Wheel 1.0 is best at installing files into site-packages and a few other locations specified by distutils, but users would like to install files from single distribution into many directories – perhaps separate locations for docs, data, and code. Unfortunately not everyone agrees on where these install locations should be relative to the root directory. This version of the format adds many more categories, each of which can be installed to a different destination based on policy. Since it might also be important to locate the installed files at runtime, this version of the format also adds a way to record the installed paths in a way that can be read by the installed software.

Details

Installing a wheel ‘distribution-1.0-py32-none-any.whl’
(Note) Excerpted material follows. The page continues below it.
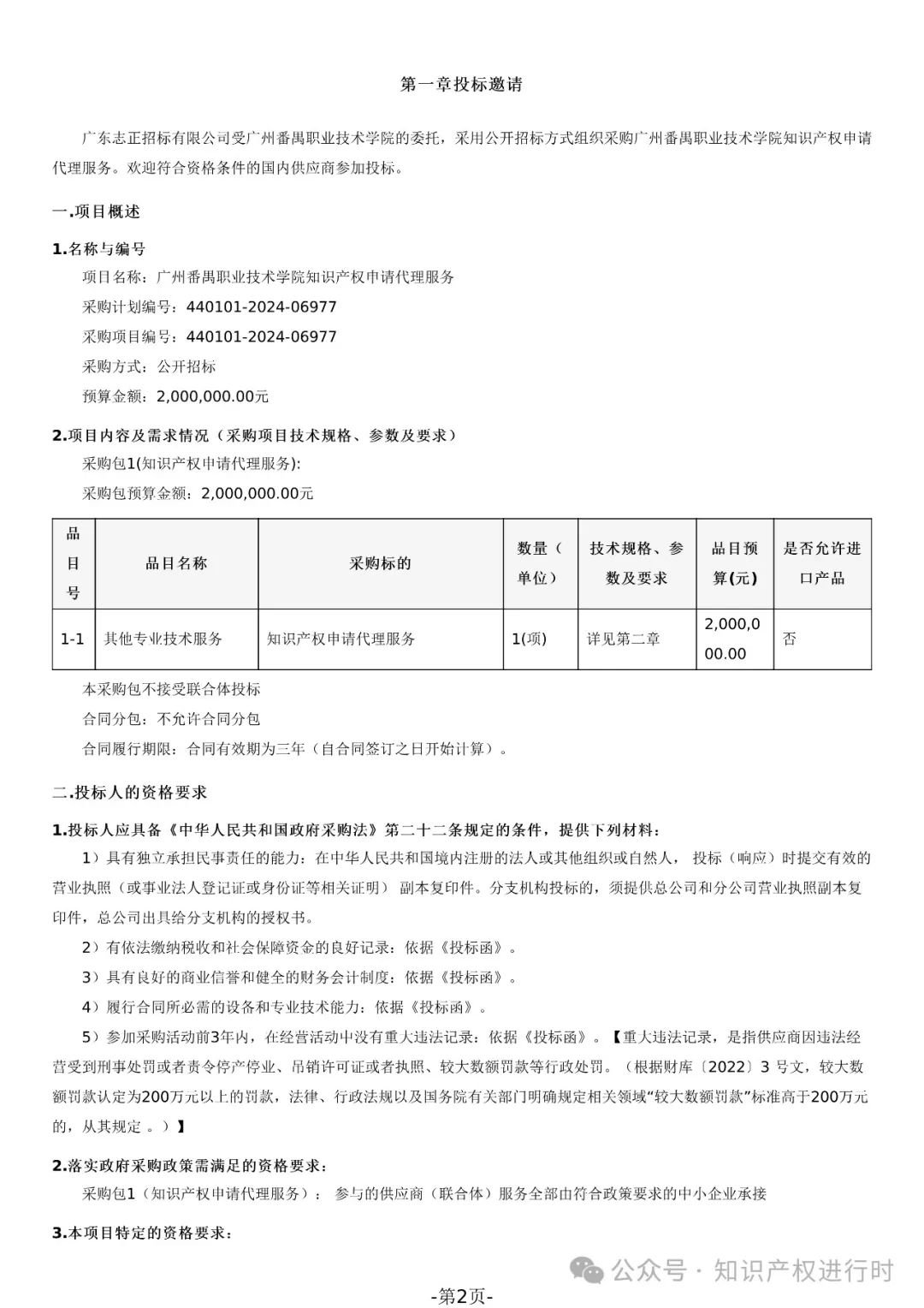 广州番禺职业技术学院知识产权申请代理服务招标项目的潜在投标人应在广东省政府采购网https://gdgpo.czt.gd.gov.cn/获取招标文件,并于 2024年04月29日14时30分 (北京时间)前递交投标文件。项目名称:广州番禺职业技术学院知识产权申请代理服务合同履行期限:合同有效期为三年(自合同签订之日开始计算)。二、申请人的资格要求:

Wheel installation notionally consists of two phases:

  • Unpack.
    1. Parse distribution-1.0.dist-info/WHEEL.
    2. Check that installer is compatible with Wheel-Version. Warn if minor version is greater, abort if major version is greater.
    3. If Root-Is-Purelib == ‘true’, unpack archive into purelib (site-packages).
    4. Else unpack archive into platlib (site-packages).
  • Spread.
    1. Unpacked archive includes distribution-1.0.dist-info/ and (if there is data) distribution-1.0.data/.
    2. Move each subtree of distribution-1.0.data/ onto its destination path. Each subdirectory of distribution-1.0.data/ is a key into a dict of destination directories, such as distribution-1.0.data/(purelib|platlib|headers|scripts|data).
    3. Update scripts starting with #!python to point to the correct interpreter. (Note: Python scripts are usually handled by package metadata, and not included verbatim in wheel.)
    4. Update distribution-1.0.dist.info/RECORD with the installed paths.
    5. If empty, remove the distribution-1.0.data directory.
    6. Compile any installed .py to .pyc. (Uninstallers should be smart enough to remove .pyc even if it is not mentioned in RECORD.)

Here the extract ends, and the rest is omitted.